The life of the polar bear in photos

The life of the polar bear in photos

25 February 2015

The Master of the Ice exhibition is on display in the Congress Hall of the Museum of the World Ocean in Kaliningrad. These unique photographs of polar bears were taken by professional zoologists Nikita Ovsyanikov and Irina Menyushina, who have devoted their lives to studying Arctic animals.

 

The polar bear is the largest land predator and the only one whose habitat is the drifting ice floes of the Arctic. Throughout its evolution, the polar bear has become perfectly adapted to living in this harsh environment.

 

The photographs show polar bears in their natural habitat, their behaviour in different situations, their hunting habits, and the threats they face, including the changing climate and a growing number of man-made threats.

 

Russia has long had very progressive policies on polar bear conservation, which have taken on added significance in the face of the mounting threat of extinction.

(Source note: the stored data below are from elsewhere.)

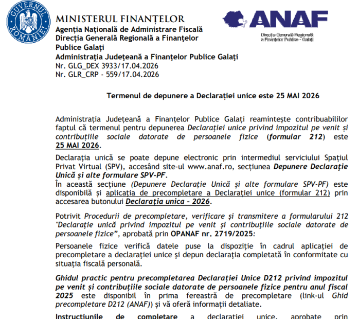 ANAF reamintește contribuabililor faptul că termenul pentru depunerea Declaraţiei unice privind impozitul pe venit și contribuțiile sociale datorate de persoanele fizice (formular 212) este 25 MAI 2026.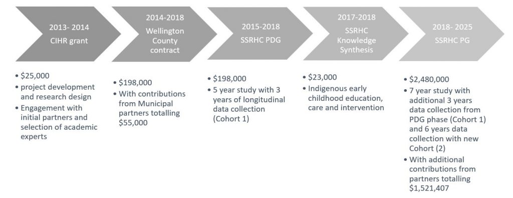 - The PDG was funded from 2015 to 2018, but the work conducted under this constellation of research started in 2013 with consultation with communities for the collaborative design of the study. In 2014, it received direct support from the County of Wellington (and the cities of Toronto and Hamilton and the District of Timiskaming).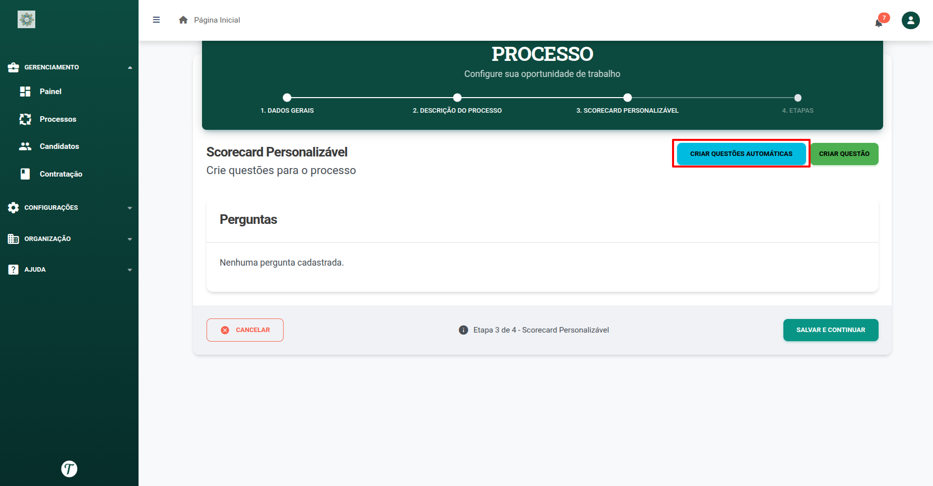 Na etapa de Scorecard Personalizável, clique em Criar Questões Automáticas, para gerar um scorecard de acordo o título de sua vaga: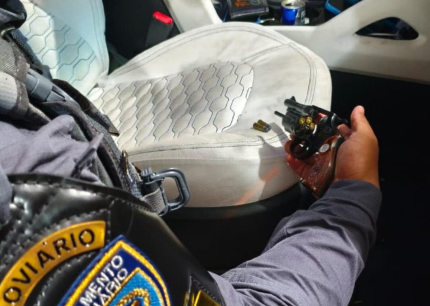 O grupo estava em um veículo Hyundai IX35 e informou aos policiais que seguia em direção ao Guarujá, no litoral paulista. Durante a revista no automóvel, os agentes encontraram um revólver calibre .32 carregado. Como nenhum dos ocupantes apresentou autorização para portar a arma, todos receberam voz de prisão no local.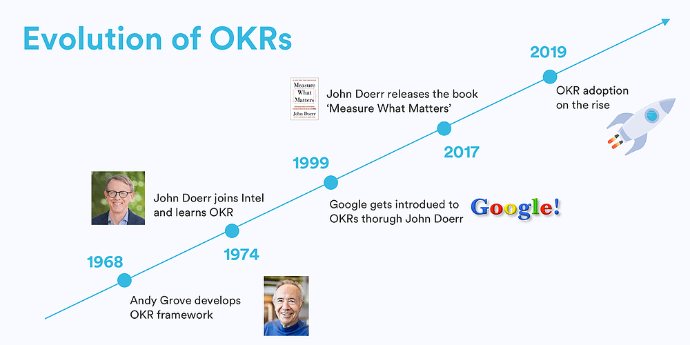 La méthodologie OKR a été développée par l’ancien CEO d’Intel, Andy Grove, dans les années 1970. Mais à vrai dire, elle a surtout été popularisée par Google qui l’a mise en place au début des années 2000 sur le conseil d’un de ses principaux investisseurs de l’époque, John Doerr (qui avait appris la méthodologie quand il travaillait chez Intel). De l’aveu même de Larry Page, le framework OKR est une des explications du succès de la firme de Mountain View – on se doute que ce n’est pas la seule, mais quand même !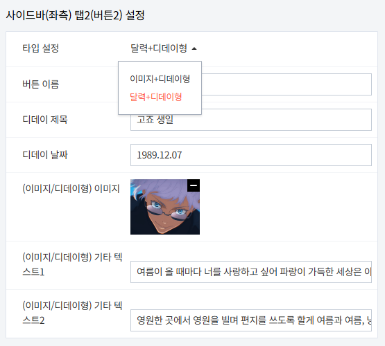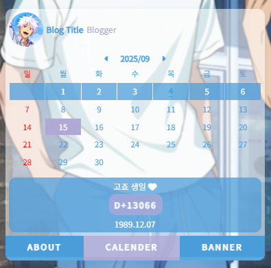 * 위 이미지 순서대로 이미지+디데이형 / 달력+디데이형 * 마찬가지로 스킨편집창에서 타입 선택, 디데이 제목 및 날짜 / 이미지 / 텍스트 수정해주세요. * 디데이는 - / . 모두 사용 가능합니다. (예 1989.12.07 1989-12-07 1989/12/07)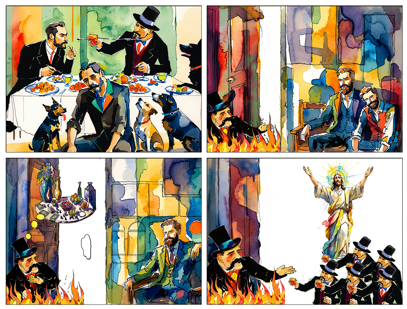 Arribat al país dels morts i estant en un lloc de turments, alçà els ulls, veié de lluny Abraham, amb Llàtzer a la falda, el cridà i li digué: “Abraham, pare meu, apiada’t de mi i envia Llàtzer que mulli amb aigua la punta del seu dit i em refresqui la llengua, perquè sofreixo molt enmig d’aquestes flames”.

These policies are a positive example of a scientific approach to preserving Arctic ecosystems and the world’s largest land carnivore, the polar bear.

 

The exhibition will be open until 31 March.

 

About the photographers

 

Nikita Ovsyanikov and Irina Menyushina are professional zoologists. They have devoted their lives to studying Arctic animals and have been observing the polar bear in its natural habitat for over 20 years.

 

Irina Menyushina, MA (Biology), graduate of Tver State University, has been studying the tundra carnivores of Wrangel Island since 1982. Initially, she and Nikita Ovsyanikov studied the behaviour and the social ecology of the Arctic fox as researchers with the Russian Academy of Sciences’ Severtsov Institute of Ecology and Evolution. Every spring she participated in the expedition to Wrangel Island, spending several months in the tundra studying animals.

 

In 1990, she accepted the post of researcher at the Wrangel Island State Nature Reserve and settled in the village of Ushakovskoye. Her scientific interest shifted to the snow owl and its relationship with the Arctic fox and other tundra animals on Wrangel Island, including wolverines and wolves.

 

In 1993, Menyushina joined a long-term project to study the behaviour and social ecology of the polar bear on Wrangel Island.

 

In 1982, she began using photography to record the behaviour of the species she studies.

 

Nikita Ovsyanikov, PhD (Biology), Distinguished Polar Explorer of Russia, graduated from Lomonosov Moscow State University and took up Arctic zoology in 1977. In 1980, while working at the Russian Academy of Sciences’ Severtsov Institute of Ecology and Evolution, he launched a project to study the behaviour and social ecology of the Arctic fox on Wrangel Island.

 

In 1990, he accepted the post of researcher at the Wrangel Island State Nature Reserve and settled on the island with Irina Menyushina, studying polar bears in their natural habitat by living among the animals for months at a time. Ovsyanikov has developed a system to protect the safety of both researchers and polar bears, which scientists at the Wrangel Island Reserve have been using for over 20 years.

 

Ovsyanikov also takes professional wildlife photos and video.

 

He has participated in many polar bear expeditions in other parts of the Arctic, including Herald Island, the New Siberian Islands, Franz Josef Land and Svalbard. He has also studied the polar bear from aboard research vessels in the central Arctic Basin and along the Northern Sea Route.

 

He is the author of two books about the polar bear and a monograph on the behaviour and social ecology of the Arctic fox.